BEGIN Data

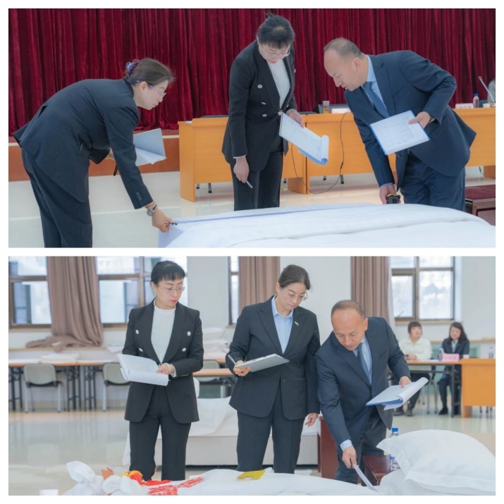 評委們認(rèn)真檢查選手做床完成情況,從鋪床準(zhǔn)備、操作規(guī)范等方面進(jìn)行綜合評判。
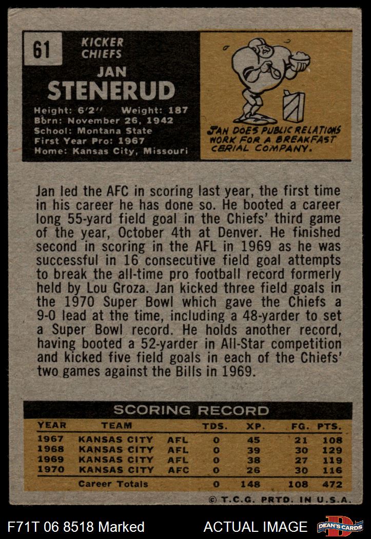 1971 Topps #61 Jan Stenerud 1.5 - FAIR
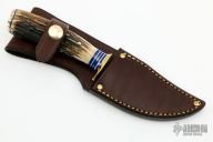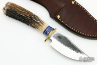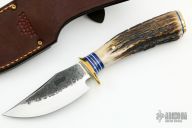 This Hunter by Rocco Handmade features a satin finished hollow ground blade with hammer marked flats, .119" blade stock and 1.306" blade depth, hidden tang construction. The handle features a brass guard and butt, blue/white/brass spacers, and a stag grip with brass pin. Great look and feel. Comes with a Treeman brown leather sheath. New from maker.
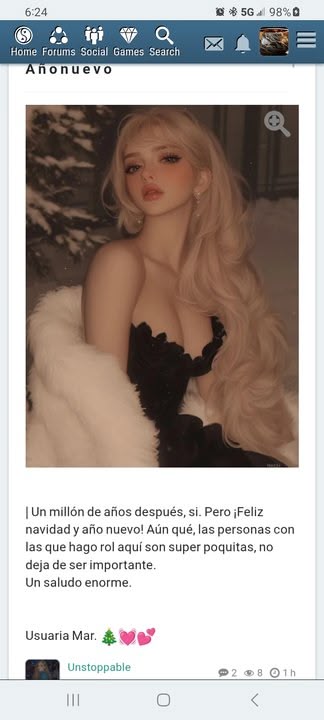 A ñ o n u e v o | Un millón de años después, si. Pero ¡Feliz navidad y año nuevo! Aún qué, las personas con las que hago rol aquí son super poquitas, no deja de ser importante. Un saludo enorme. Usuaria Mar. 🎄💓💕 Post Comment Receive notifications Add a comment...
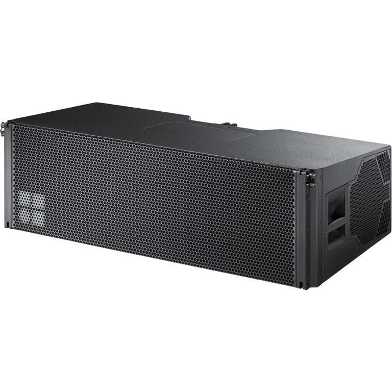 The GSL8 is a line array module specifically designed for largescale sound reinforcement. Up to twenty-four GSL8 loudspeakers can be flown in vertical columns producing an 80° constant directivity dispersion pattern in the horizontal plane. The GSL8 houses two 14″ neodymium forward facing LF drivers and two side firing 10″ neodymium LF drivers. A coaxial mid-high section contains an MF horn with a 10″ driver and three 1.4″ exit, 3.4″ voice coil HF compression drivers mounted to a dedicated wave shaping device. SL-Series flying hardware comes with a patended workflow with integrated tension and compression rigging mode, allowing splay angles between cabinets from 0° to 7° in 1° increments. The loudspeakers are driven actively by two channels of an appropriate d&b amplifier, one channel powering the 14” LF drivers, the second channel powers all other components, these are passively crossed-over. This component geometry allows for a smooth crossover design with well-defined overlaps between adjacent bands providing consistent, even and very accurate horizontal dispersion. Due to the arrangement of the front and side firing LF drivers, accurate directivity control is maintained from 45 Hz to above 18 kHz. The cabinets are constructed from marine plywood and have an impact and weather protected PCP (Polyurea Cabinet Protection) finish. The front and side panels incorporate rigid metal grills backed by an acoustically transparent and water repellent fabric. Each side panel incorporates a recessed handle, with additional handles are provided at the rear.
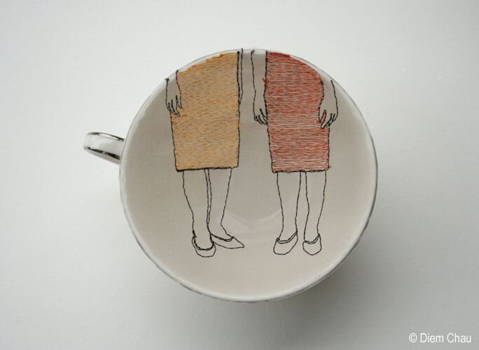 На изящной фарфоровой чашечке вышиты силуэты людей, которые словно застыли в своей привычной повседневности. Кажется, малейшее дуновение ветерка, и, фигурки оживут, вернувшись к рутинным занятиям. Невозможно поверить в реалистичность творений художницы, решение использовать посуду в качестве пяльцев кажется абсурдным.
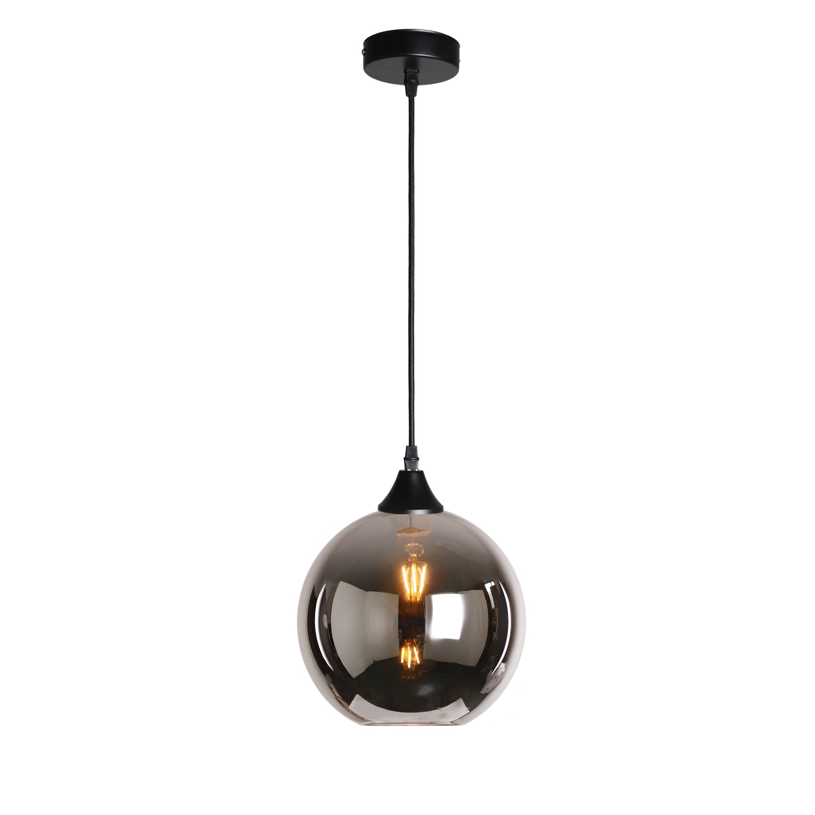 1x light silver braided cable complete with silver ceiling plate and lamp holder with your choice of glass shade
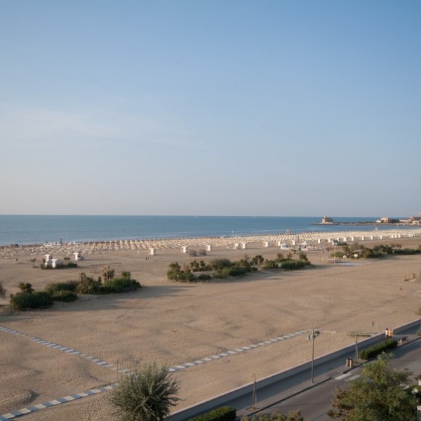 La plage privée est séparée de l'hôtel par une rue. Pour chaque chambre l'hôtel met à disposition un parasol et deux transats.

END Data

Please give back all the records above word for word, with no pictures included.

 評委們認(rèn)真檢查選手做床完成情況,從鋪床準(zhǔn)備、操作規(guī)范等方面進(jìn)行綜合評判。
 1971 Topps #61 Jan Stenerud 1.5 - FAIR
 This Hunter by Rocco Handmade features a satin finished hollow ground blade with hammer marked flats, .119" blade stock and 1.306" blade depth, hidden tang construction. The handle features a brass guard and butt, blue/white/brass spacers, and a stag grip with brass pin. Great look and feel. Comes with a Treeman brown leather sheath. New from maker.
 A ñ o n u e v o | Un millón de años después, si. Pero ¡Feliz navidad y año nuevo! Aún qué, las personas con las que hago rol aquí son super poquitas, no deja de ser importante. Un saludo enorme. Usuaria Mar. 🎄💓💕 Post Comment Receive notifications Add a comment...
 The GSL8 is a line array module specifically designed for largescale sound reinforcement. Up to twenty-four GSL8 loudspeakers can be flown in vertical columns producing an 80° constant directivity dispersion pattern in the horizontal plane. The GSL8 houses two 14″ neodymium forward facing LF drivers and two side firing 10″ neodymium LF drivers. A coaxial mid-high section contains an MF horn with a 10″ driver and three 1.4″ exit, 3.4″ voice coil HF compression drivers mounted to a dedicated wave shaping device. SL-Series flying hardware comes with a patended workflow with integrated tension and compression rigging mode, allowing splay angles between cabinets from 0° to 7° in 1° increments. The loudspeakers are driven actively by two channels of an appropriate d&b amplifier, one channel powering the 14” LF drivers, the second channel powers all other components, these are passively crossed-over. This component geometry allows for a smooth crossover design with well-defined overlaps between adjacent bands providing consistent, even and very accurate horizontal dispersion. Due to the arrangement of the front and side firing LF drivers, accurate directivity control is maintained from 45 Hz to above 18 kHz. The cabinets are constructed from marine plywood and have an impact and weather protected PCP (Polyurea Cabinet Protection) finish. The front and side panels incorporate rigid metal grills backed by an acoustically transparent and water repellent fabric. Each side panel incorporates a recessed handle, with additional handles are provided at the rear.
 На изящной фарфоровой чашечке вышиты силуэты людей, которые словно застыли в своей привычной повседневности. Кажется, малейшее дуновение ветерка, и, фигурки оживут, вернувшись к рутинным занятиям. Невозможно поверить в реалистичность творений художницы, решение использовать посуду в качестве пяльцев кажется абсурдным.
 1x light silver braided cable complete with silver ceiling plate and lamp holder with your choice of glass shade
 La plage privée est séparée de l'hôtel par une rue. Pour chaque chambre l'hôtel met à disposition un parasol et deux transats.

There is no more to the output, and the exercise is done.